● WHAT TO WORK ON
The reply should hold only the lines from the one with "O documento descreve" to the one with "Fine Art Print", both ends kept, exactly as they appear below, without any pictures.

● MATERIAL SUPPLIED
┌──

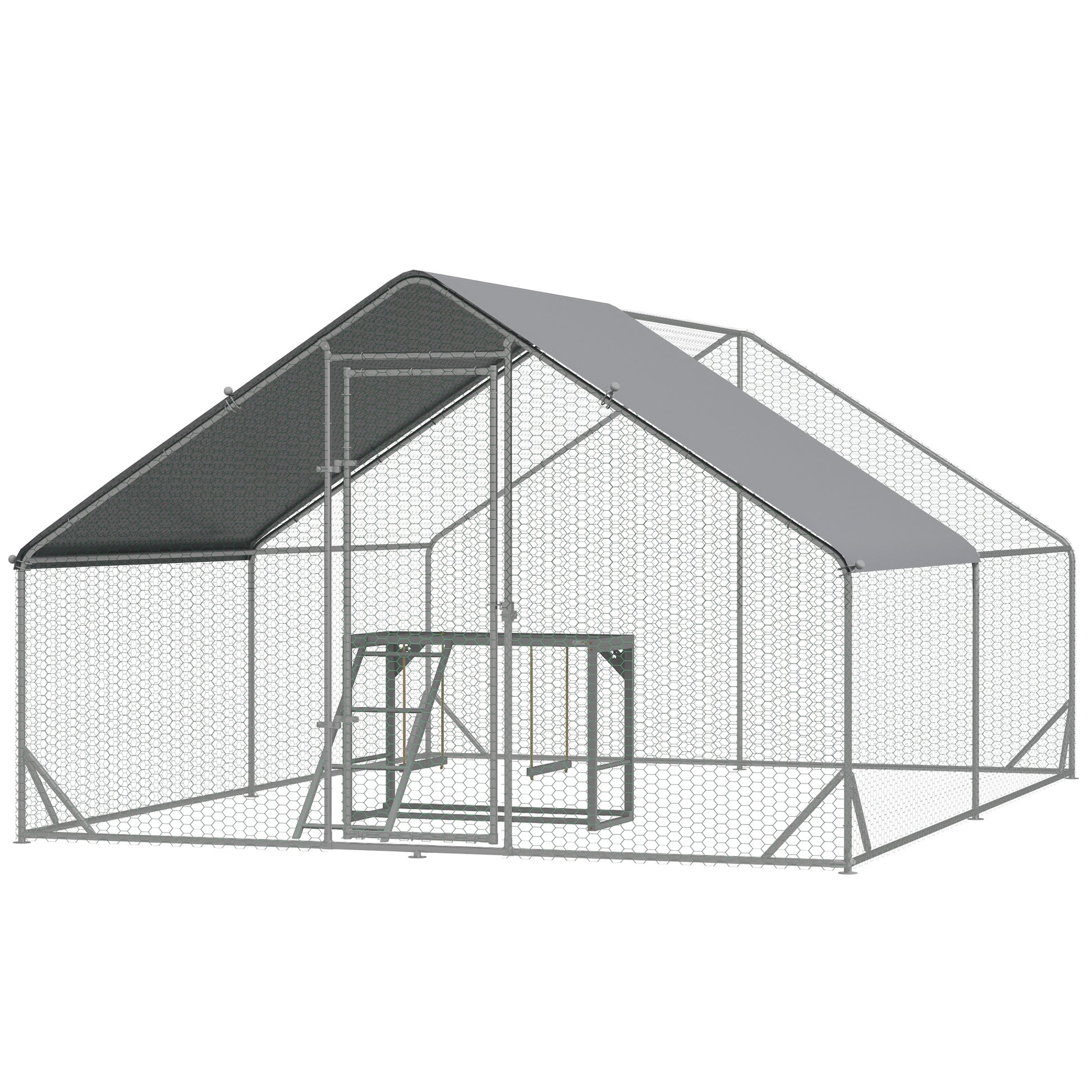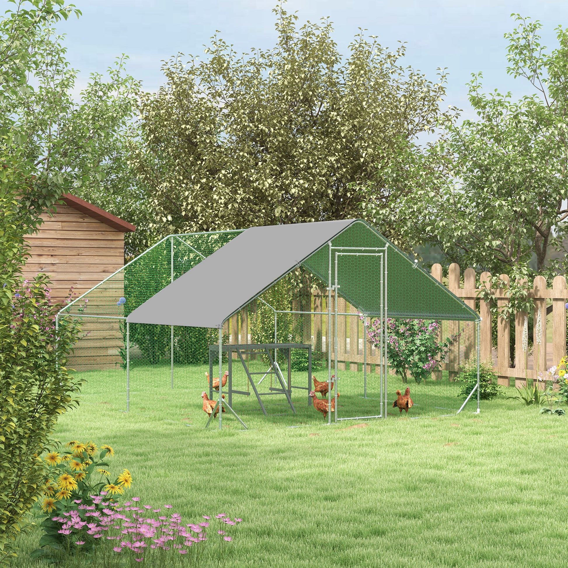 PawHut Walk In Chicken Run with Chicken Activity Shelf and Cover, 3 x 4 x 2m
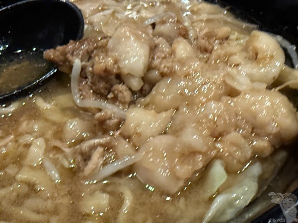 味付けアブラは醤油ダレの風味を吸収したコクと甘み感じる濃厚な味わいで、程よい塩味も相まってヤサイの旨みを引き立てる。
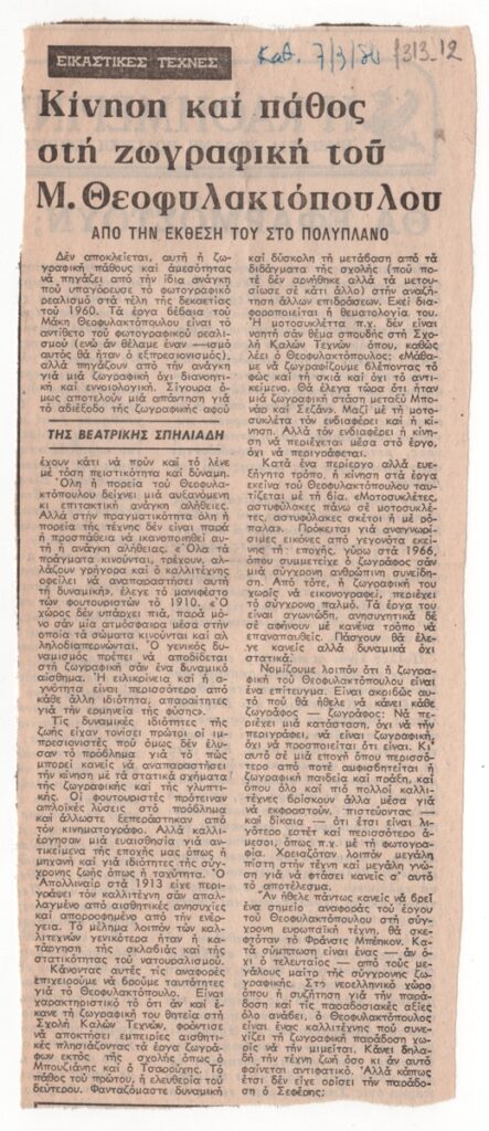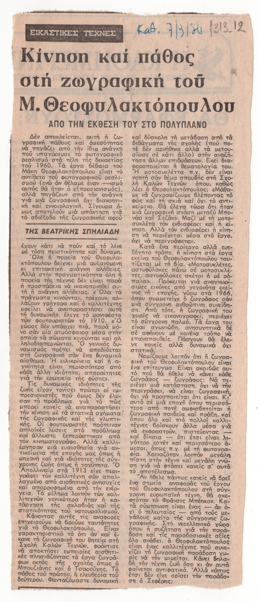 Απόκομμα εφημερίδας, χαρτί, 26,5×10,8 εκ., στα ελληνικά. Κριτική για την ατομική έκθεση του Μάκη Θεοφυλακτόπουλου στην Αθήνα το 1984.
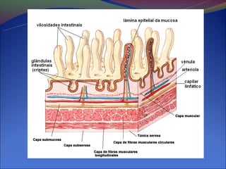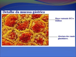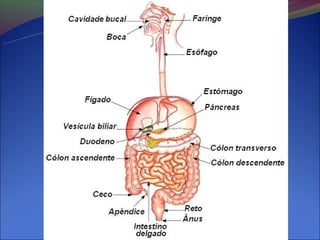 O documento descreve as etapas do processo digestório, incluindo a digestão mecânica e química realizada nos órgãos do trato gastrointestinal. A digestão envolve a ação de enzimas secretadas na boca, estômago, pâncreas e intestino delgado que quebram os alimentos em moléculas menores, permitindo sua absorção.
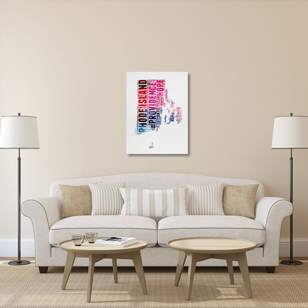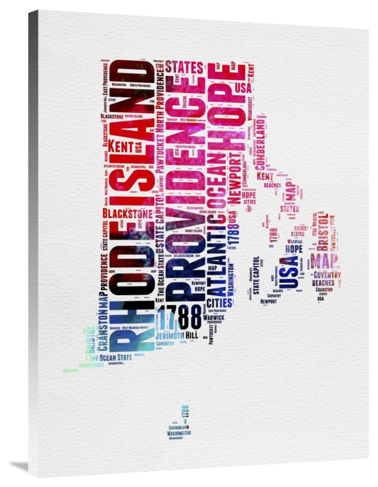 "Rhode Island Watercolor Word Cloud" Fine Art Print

└──
┌──

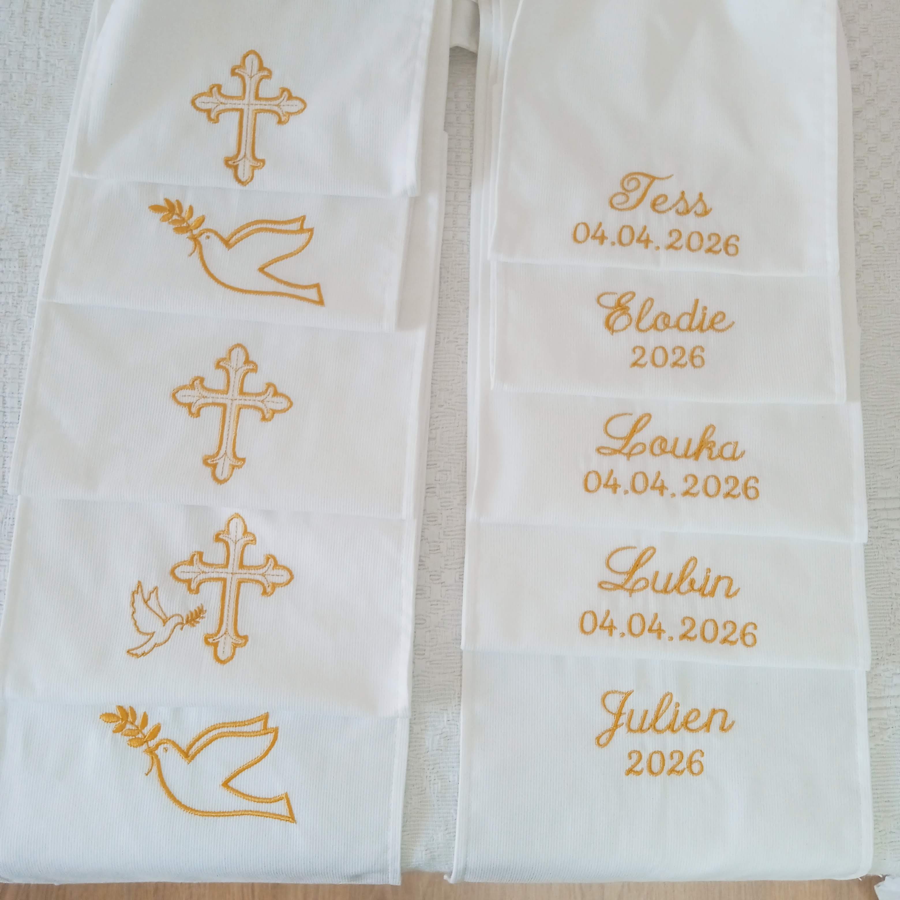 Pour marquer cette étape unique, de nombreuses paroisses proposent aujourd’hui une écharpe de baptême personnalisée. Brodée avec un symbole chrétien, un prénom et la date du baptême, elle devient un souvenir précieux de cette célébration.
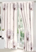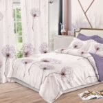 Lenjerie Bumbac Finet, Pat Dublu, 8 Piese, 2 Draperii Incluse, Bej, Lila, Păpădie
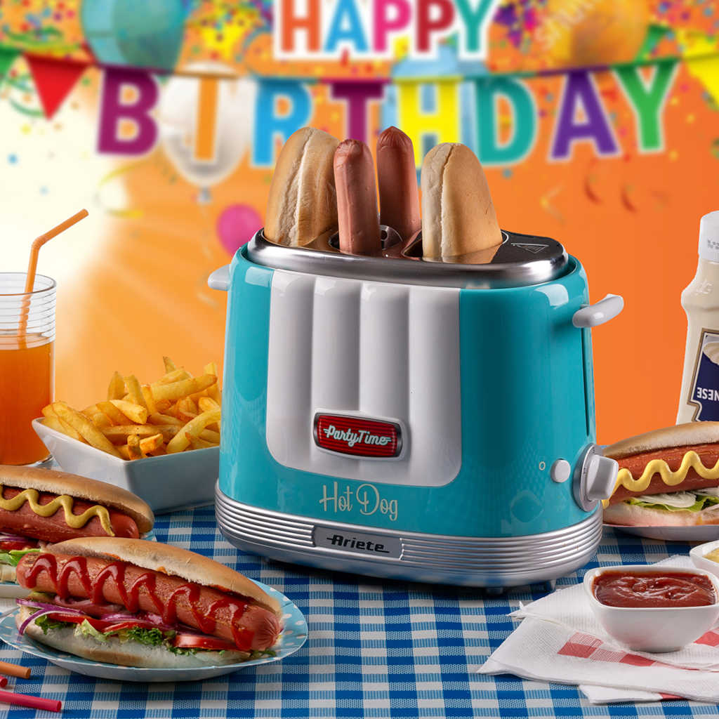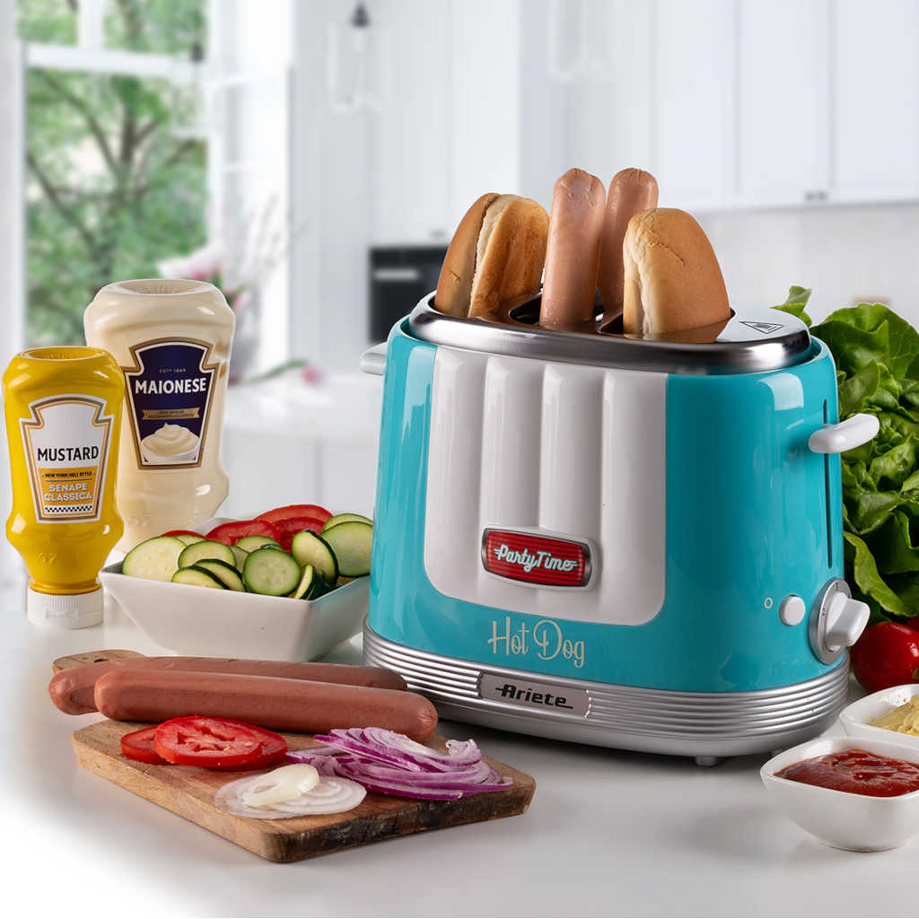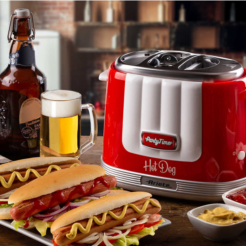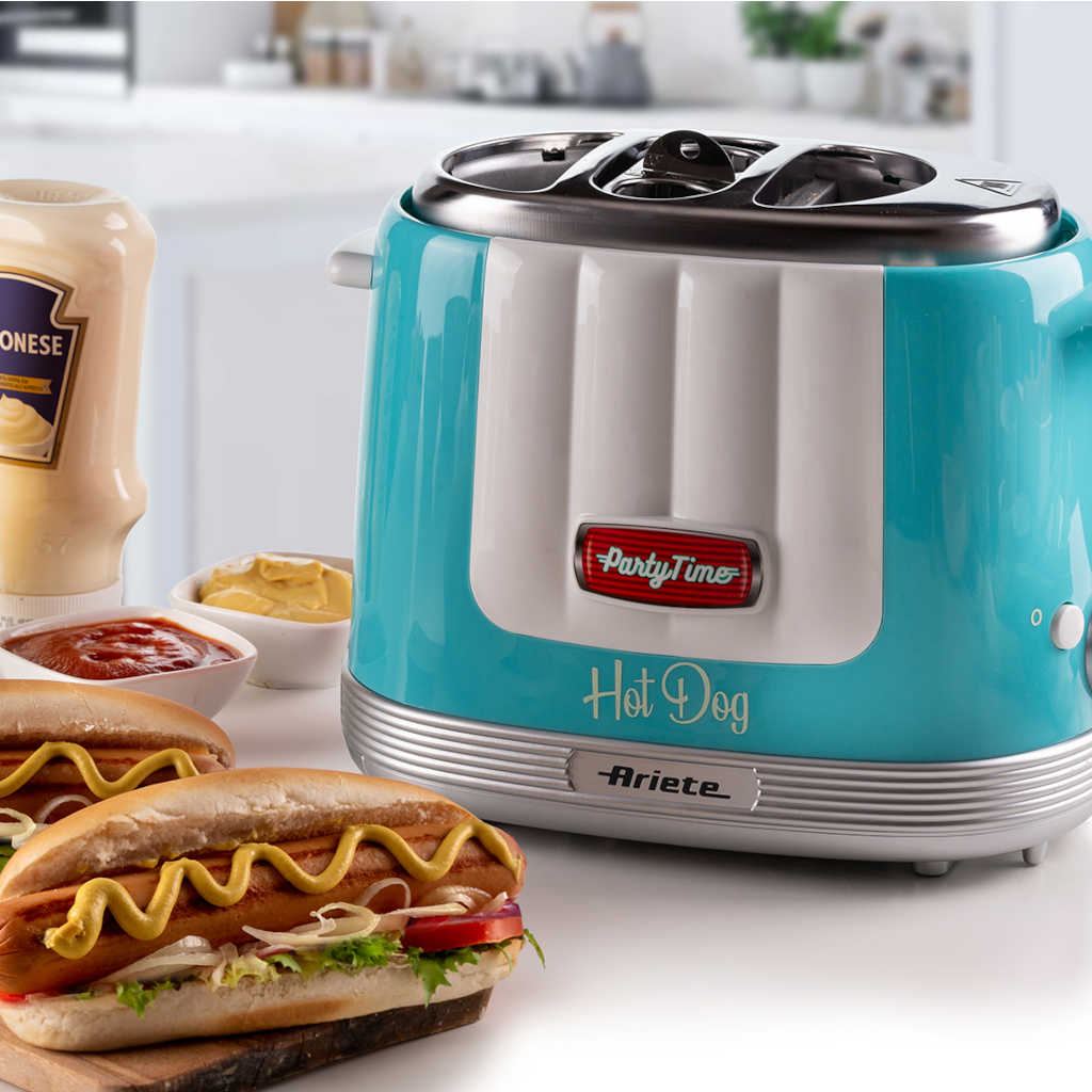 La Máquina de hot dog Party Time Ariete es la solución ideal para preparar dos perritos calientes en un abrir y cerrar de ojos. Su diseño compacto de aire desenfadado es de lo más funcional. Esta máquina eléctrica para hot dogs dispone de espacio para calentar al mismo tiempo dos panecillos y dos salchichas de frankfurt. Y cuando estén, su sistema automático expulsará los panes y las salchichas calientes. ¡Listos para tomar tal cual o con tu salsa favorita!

└──
┌──

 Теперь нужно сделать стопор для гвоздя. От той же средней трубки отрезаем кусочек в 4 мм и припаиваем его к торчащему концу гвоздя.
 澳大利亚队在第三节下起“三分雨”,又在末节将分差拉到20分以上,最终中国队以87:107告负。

└──

● TASK RESULT
 O documento descreve as etapas do processo digestório, incluindo a digestão mecânica e química realizada nos órgãos do trato gastrointestinal. A digestão envolve a ação de enzimas secretadas na boca, estômago, pâncreas e intestino delgado que quebram os alimentos em moléculas menores, permitindo sua absorção.
 "Rhode Island Watercolor Word Cloud" Fine Art Print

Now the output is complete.